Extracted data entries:

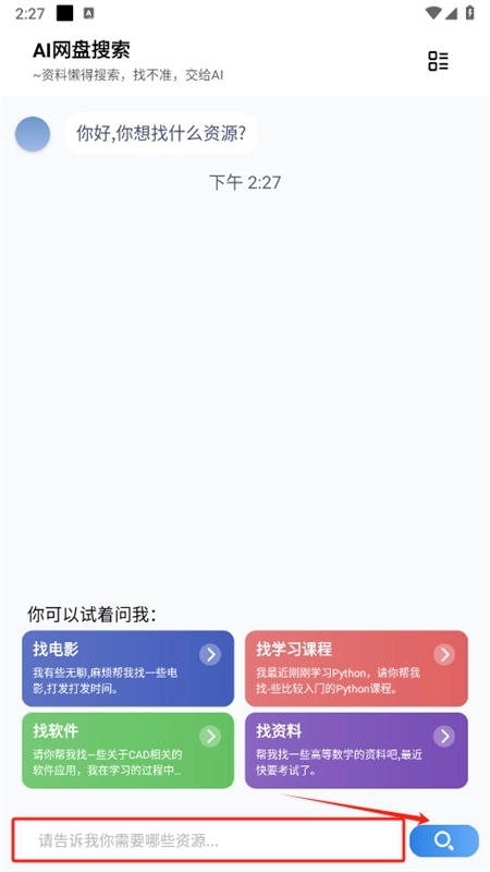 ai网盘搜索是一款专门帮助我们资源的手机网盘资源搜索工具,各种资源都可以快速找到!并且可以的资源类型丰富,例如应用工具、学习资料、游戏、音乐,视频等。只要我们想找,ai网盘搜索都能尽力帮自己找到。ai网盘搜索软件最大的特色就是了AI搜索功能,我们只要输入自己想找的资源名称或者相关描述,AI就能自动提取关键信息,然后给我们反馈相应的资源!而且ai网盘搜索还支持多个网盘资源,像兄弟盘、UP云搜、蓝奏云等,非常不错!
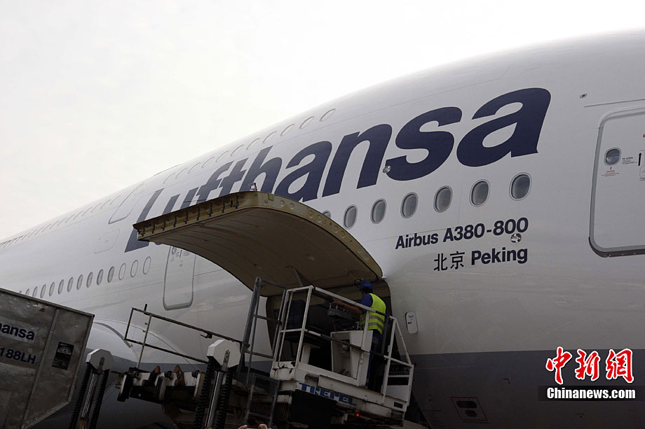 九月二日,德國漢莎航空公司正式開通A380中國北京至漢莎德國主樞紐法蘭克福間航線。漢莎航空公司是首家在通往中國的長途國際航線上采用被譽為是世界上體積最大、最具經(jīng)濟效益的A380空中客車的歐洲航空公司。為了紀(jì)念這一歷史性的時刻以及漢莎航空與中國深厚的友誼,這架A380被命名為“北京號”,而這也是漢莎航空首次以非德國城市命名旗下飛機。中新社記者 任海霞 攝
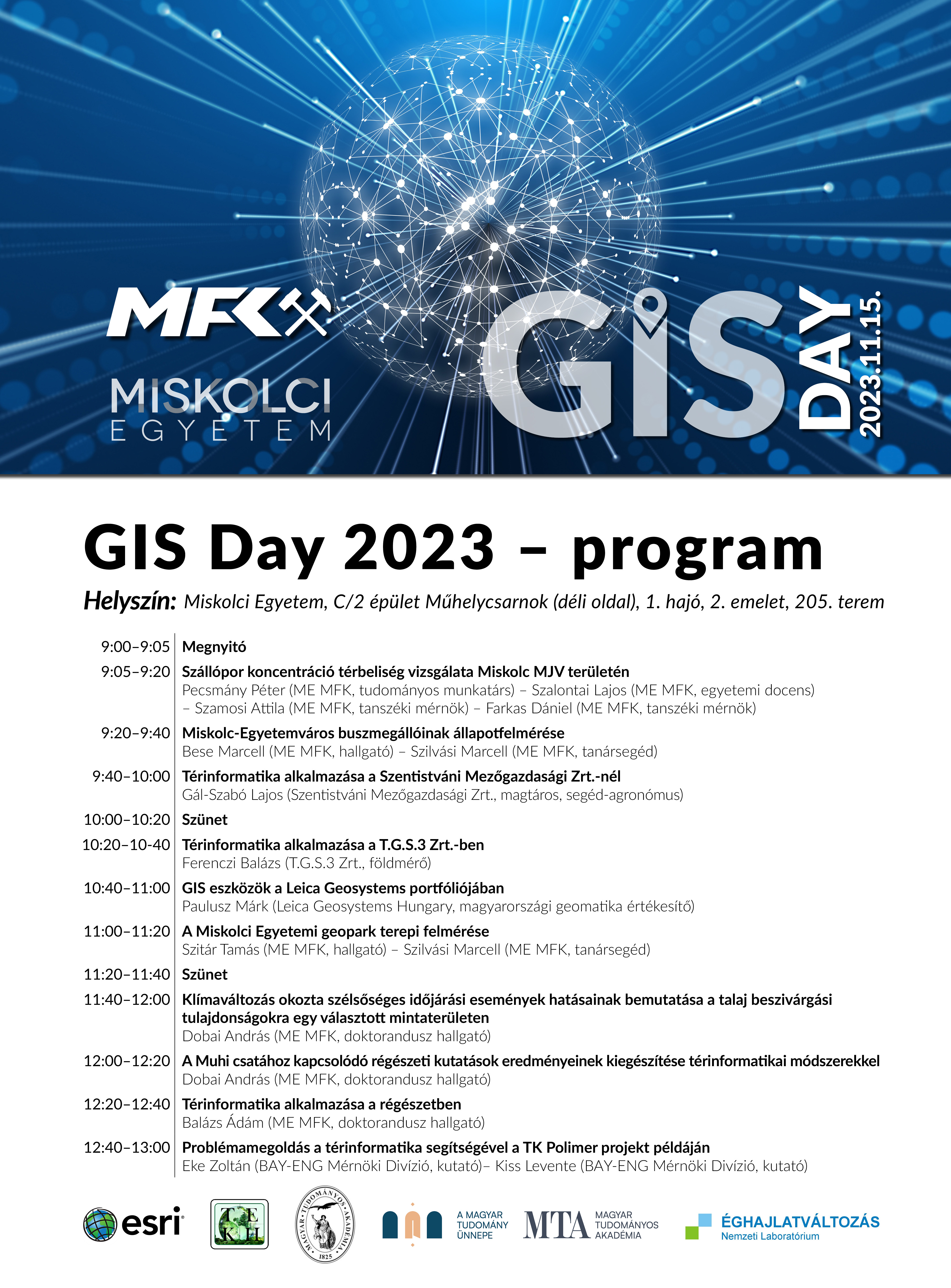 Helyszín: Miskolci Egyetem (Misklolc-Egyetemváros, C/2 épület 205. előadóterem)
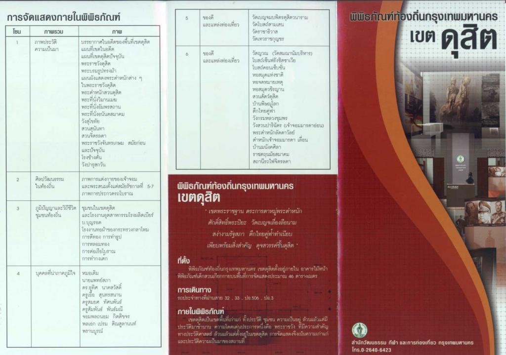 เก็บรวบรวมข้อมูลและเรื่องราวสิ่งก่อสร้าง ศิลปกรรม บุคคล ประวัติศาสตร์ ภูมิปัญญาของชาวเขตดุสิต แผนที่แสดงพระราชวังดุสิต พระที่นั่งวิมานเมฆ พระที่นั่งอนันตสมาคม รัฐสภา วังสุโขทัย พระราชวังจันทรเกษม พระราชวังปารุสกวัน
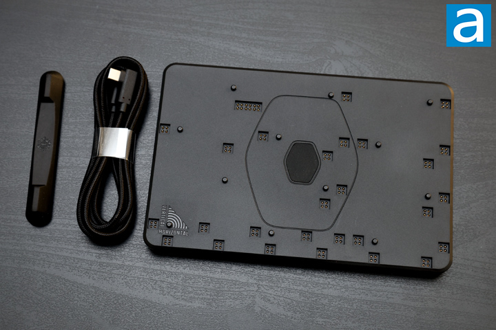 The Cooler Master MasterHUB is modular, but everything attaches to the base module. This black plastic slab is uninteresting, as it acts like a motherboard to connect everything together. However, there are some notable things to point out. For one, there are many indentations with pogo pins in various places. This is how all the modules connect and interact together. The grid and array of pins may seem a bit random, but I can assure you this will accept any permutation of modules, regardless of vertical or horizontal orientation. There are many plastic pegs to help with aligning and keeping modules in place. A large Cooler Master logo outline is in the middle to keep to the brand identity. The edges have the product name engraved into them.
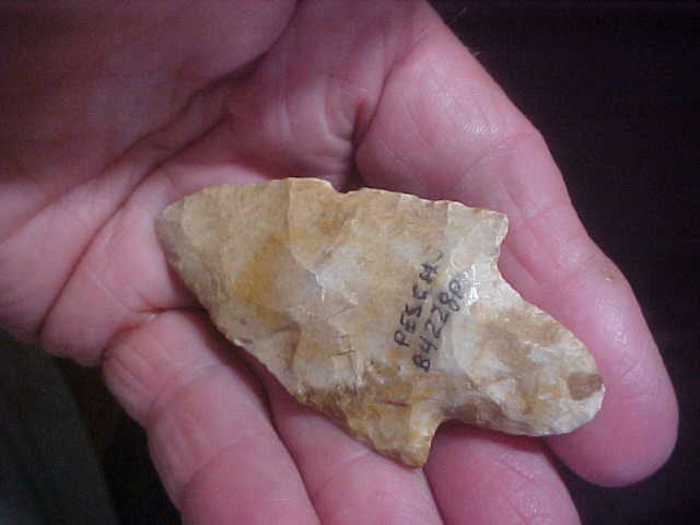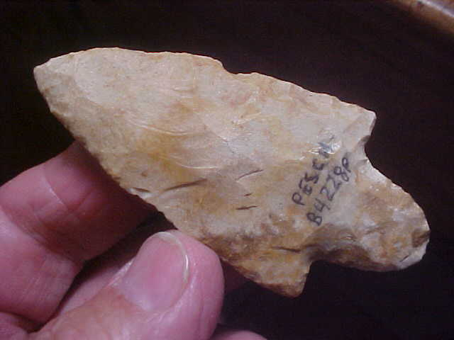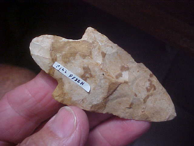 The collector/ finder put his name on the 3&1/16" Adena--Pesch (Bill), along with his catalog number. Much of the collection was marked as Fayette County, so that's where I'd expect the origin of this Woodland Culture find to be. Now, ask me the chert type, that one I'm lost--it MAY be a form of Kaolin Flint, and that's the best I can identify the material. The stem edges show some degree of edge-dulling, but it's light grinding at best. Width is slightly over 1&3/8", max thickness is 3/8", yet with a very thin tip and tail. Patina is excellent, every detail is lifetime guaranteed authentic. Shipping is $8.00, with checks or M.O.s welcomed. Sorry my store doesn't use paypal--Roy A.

Exercise brief:
Your answer must be an exact copy of the lines from the line with "The Cooler Master" to the final line of the data, both ends included, and no pictures.

Result of the exercise:
 The Cooler Master MasterHUB is modular, but everything attaches to the base module. This black plastic slab is uninteresting, as it acts like a motherboard to connect everything together. However, there are some notable things to point out. For one, there are many indentations with pogo pins in various places. This is how all the modules connect and interact together. The grid and array of pins may seem a bit random, but I can assure you this will accept any permutation of modules, regardless of vertical or horizontal orientation. There are many plastic pegs to help with aligning and keeping modules in place. A large Cooler Master logo outline is in the middle to keep to the brand identity. The edges have the product name engraved into them.
 The collector/ finder put his name on the 3&1/16" Adena--Pesch (Bill), along with his catalog number. Much of the collection was marked as Fayette County, so that's where I'd expect the origin of this Woodland Culture find to be. Now, ask me the chert type, that one I'm lost--it MAY be a form of Kaolin Flint, and that's the best I can identify the material. The stem edges show some degree of edge-dulling, but it's light grinding at best. Width is slightly over 1&3/8", max thickness is 3/8", yet with a very thin tip and tail. Patina is excellent, every detail is lifetime guaranteed authentic. Shipping is $8.00, with checks or M.O.s welcomed. Sorry my store doesn't use paypal--Roy A.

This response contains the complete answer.